OpenCV and Ghost in the Shell

2020-01-27

By Tim Tepatti

Overview

The point of this project was to be able to take a live video feed and draw the Ghost in the Shell "Laughing Man" image over every detected face. It was done as a fun way to get more familiar with both Python and OpenCV.

For those of you who were stumbling around online looking for code to utilize, just like I was when I made this project: This project goes over how to draw an image over another image using OpenCV.

While doing the research for this project, I kept referring back to two main blog posts that carried me most of the way through this project. The first was Shantnu Tiwari's Face Recognition with Python, in Under 25 Lines of Code over on Real Python. It helped me get my feet wet with OpenCV and Python and gave me a great jumping-off point to get deeper into OpenCV. The second was the wonderful work of Noah Dietrich over at Sublime Robots - he wrote a great article called Adding Mustaches to Webcam Feed with OpenCV and Python. After struggling for hours on RGBA Alpha channels, masks, inverted masks, and all of the other intracacies of OpenCV and image manipulation, it was Noah's post that carried me to the finish line.

Current Progress

Currently, it can detect faces in still images (provided via command line argument) and draw the laughing man over them. Success!

Below, you can see a side-by-side of the test image and the final product.

Side-by-side comparison of test image and final product.

Code

First things first - if you want to view everything about this project, you can find the repository here on my GitHub.

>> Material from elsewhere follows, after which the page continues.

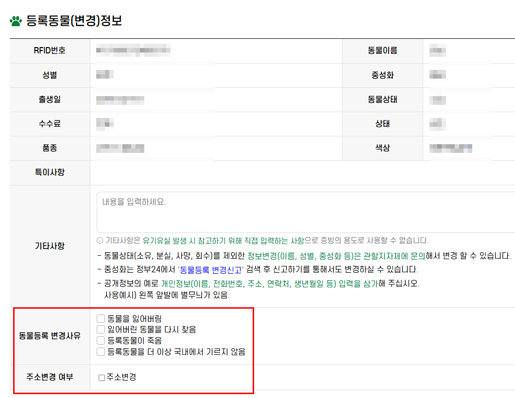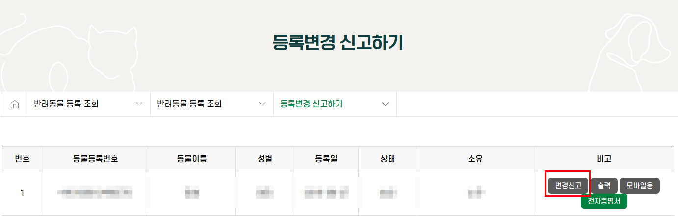 - 입력한 주민등록번호로 조회하여 등록되있는 동물이 보입니다.

That being said, lets go over the current version of the code:

import cv2
import sys

# --------------- Image Paths ---------------
# Get user supplied image
faceImagePath = sys.argv[1]

# The Ghost in the Shell image
gitsImagePath = "laughing_man_transparent.png"

# Our cascade
cascPath = "haarcascade_frontalface_default.xml"

# --------------- Loading Cascade/Images ---------------

# Create the haar cascade
faceCascade = cv2.CascadeClassifier(cascPath)

# Read the image of faces
faceImage = cv2.imread(faceImagePath)

# Load unchanged so it keeps channel 4 (alpha)
gitsImage = cv2.imread(gitsImagePath, cv2.IMREAD_UNCHANGED)

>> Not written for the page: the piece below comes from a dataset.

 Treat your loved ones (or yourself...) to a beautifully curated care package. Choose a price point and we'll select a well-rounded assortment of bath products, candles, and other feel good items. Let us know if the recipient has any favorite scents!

# gitsAlpha = alpha channel of gitsImage (creating mask)
gitsAlpha = gitsImage[:,:,3]

# gitsAlpha_inv = inverted mask
gitsAlpha_inv = cv2.bitwise_not(gitsAlpha)

# Convert gits image to RGB (no Alpha)
gitsRGB = gitsImage[:,:,0:3]

# --------------- Face Detection ---------------

# Gray channel of background image for cascade
gray = cv2.cvtColor(faceImage, cv2.COLOR_BGR2GRAY)

# Detect faces in the image
faces = faceCascade.detectMultiScale(
    gray,
    scaleFactor=1.1,
    minNeighbors=5,
    minSize=(30, 30),
    flags = cv2.CASCADE_SCALE_IMAGE
)

print("Found {0} faces!".format(len(faces)))

print(faces)

# --------------- Loop through faces ---------------

for (x, y, w, h) in faces:
    # Make x, y around 30% different from where they were (to deal with the bigger gits image)
    x = int(x - (w * 0.3))
    y = int(y - (h * 0.3))

    # Just in case we go out of bounds!
    if x < 0: x = 0
    if y < 0: y = 0


    # Grow the gits image by 50%
    w = int(w + (w * 0.5))
    h = int(h + (h * 0.5))

    # Get region of interest around faces
    # the y+h is because we're getting the y coord of the lower right corner
    # same with x+w
    roi_gray = gray[y:y+h, x:x+w]
    roi_color = faceImage[y:y+h, x:x+w]

    # Resize the RGB image, mask, and inverted mask to the size of the face
    gits = cv2.resize(gitsRGB, (w, h), interpolation = cv2.INTER_AREA)
    mask = cv2.resize(gitsAlpha, (w, h), interpolation = cv2.INTER_AREA)
    mask_inv = cv2.resize(gitsAlpha_inv, (w, h), interpolation = cv2.INTER_AREA)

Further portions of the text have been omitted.